**Extracted data**
BEGIN

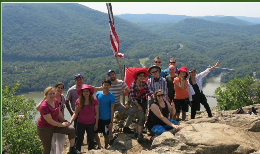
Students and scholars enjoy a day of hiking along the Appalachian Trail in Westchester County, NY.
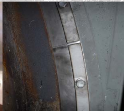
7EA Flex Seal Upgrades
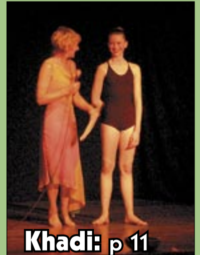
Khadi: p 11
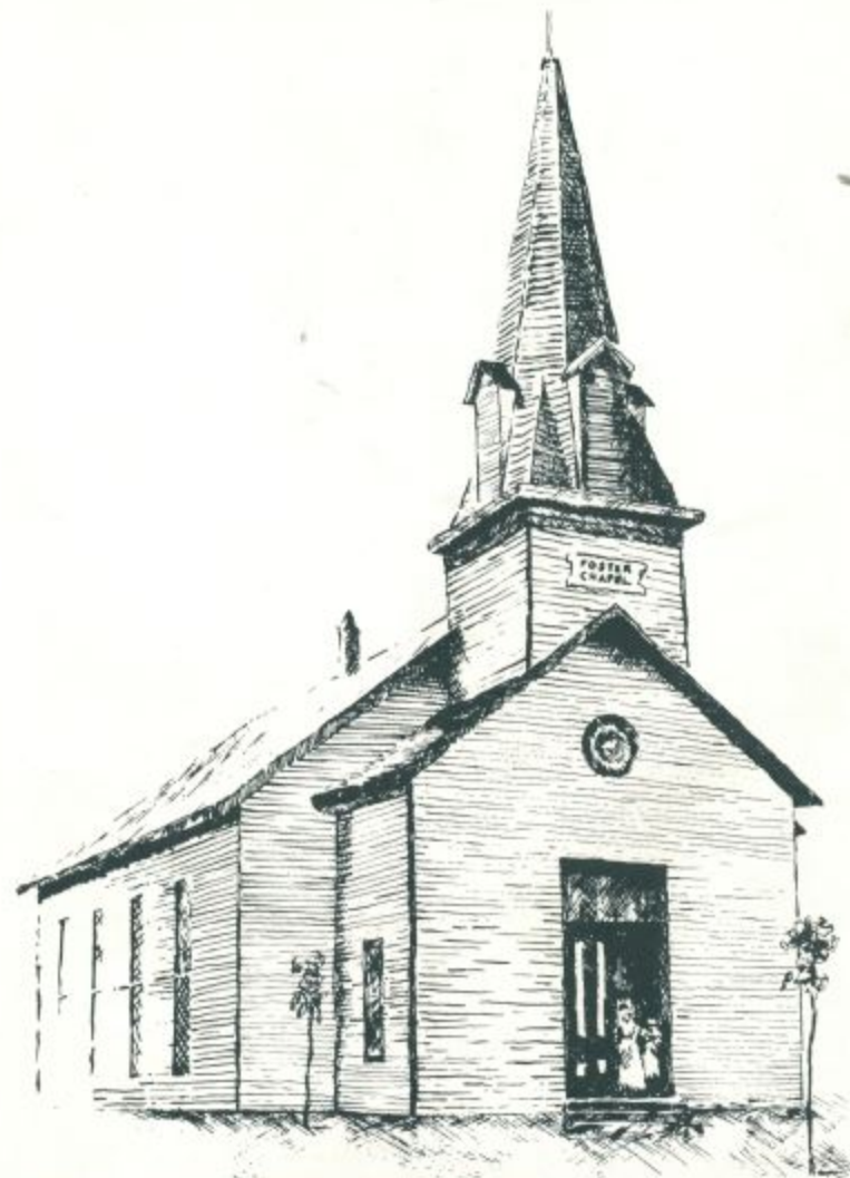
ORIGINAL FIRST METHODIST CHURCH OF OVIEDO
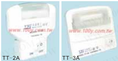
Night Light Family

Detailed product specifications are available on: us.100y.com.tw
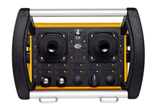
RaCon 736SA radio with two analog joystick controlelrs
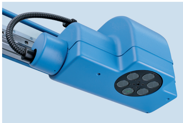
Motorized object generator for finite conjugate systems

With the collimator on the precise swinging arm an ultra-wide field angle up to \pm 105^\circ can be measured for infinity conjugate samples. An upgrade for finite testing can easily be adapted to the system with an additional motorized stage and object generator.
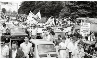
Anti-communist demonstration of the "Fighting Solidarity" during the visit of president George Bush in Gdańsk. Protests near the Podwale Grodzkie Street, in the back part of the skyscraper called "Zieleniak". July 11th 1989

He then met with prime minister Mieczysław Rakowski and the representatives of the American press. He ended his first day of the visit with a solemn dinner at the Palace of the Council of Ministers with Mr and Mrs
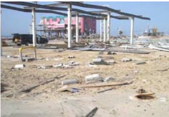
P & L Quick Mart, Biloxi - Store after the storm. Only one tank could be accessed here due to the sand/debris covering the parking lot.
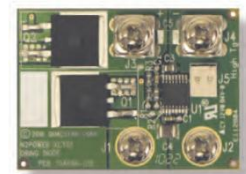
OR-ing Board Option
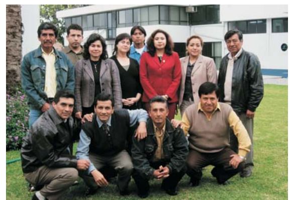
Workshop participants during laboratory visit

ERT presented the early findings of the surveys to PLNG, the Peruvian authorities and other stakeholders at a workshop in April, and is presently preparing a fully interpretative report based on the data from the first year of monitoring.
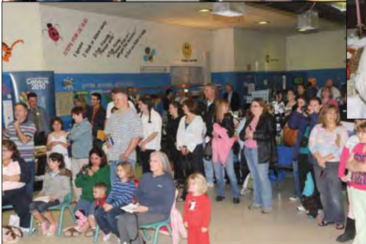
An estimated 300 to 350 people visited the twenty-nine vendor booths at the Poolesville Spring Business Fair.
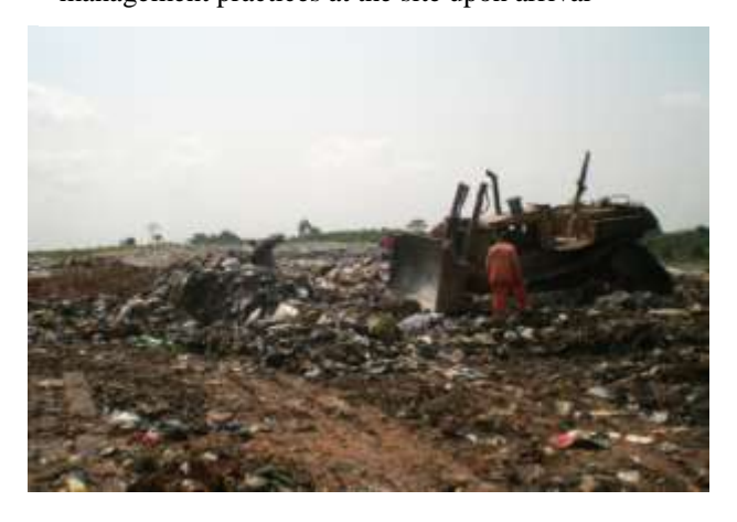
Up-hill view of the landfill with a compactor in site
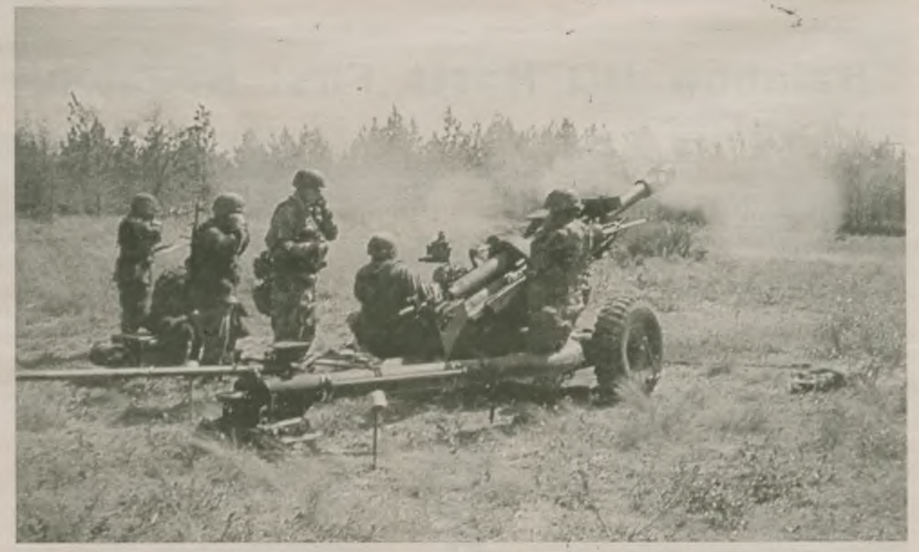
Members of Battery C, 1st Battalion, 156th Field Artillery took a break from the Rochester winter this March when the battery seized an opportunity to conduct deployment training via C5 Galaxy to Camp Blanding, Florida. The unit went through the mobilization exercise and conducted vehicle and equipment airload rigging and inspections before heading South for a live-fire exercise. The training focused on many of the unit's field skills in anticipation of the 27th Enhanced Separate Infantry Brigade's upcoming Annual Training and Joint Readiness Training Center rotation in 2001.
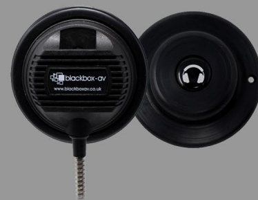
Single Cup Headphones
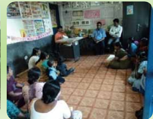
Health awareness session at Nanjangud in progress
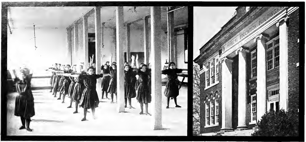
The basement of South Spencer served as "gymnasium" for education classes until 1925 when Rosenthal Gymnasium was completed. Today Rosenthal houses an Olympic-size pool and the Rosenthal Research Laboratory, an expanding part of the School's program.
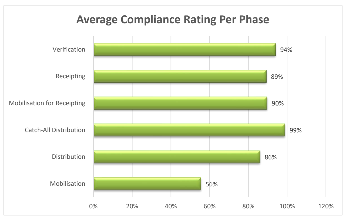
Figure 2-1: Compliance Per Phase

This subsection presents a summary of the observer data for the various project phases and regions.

END

**Task statement**
Where the line containing "Members of Battery" appears in the records above, begin copying and continue exactly through the last line, with nothing else; omit every picture.

**Response box**
Members of Battery C, 1st Battalion, 156th Field Artillery took a break from the Rochester winter this March when the battery seized an opportunity to conduct deployment training via C5 Galaxy to Camp Blanding, Florida. The unit went through the mobilization exercise and conducted vehicle and equipment airload rigging and inspections before heading South for a live-fire exercise. The training focused on many of the unit's field skills in anticipation of the 27th Enhanced Separate Infantry Brigade's upcoming Annual Training and Joint Readiness Training Center rotation in 2001.
Single Cup Headphones
Health awareness session at Nanjangud in progress
The basement of South Spencer served as "gymnasium" for education classes until 1925 when Rosenthal Gymnasium was completed. Today Rosenthal houses an Olympic-size pool and the Rosenthal Research Laboratory, an expanding part of the School's program.
Figure 2-1: Compliance Per Phase

This subsection presents a summary of the observer data for the various project phases and regions.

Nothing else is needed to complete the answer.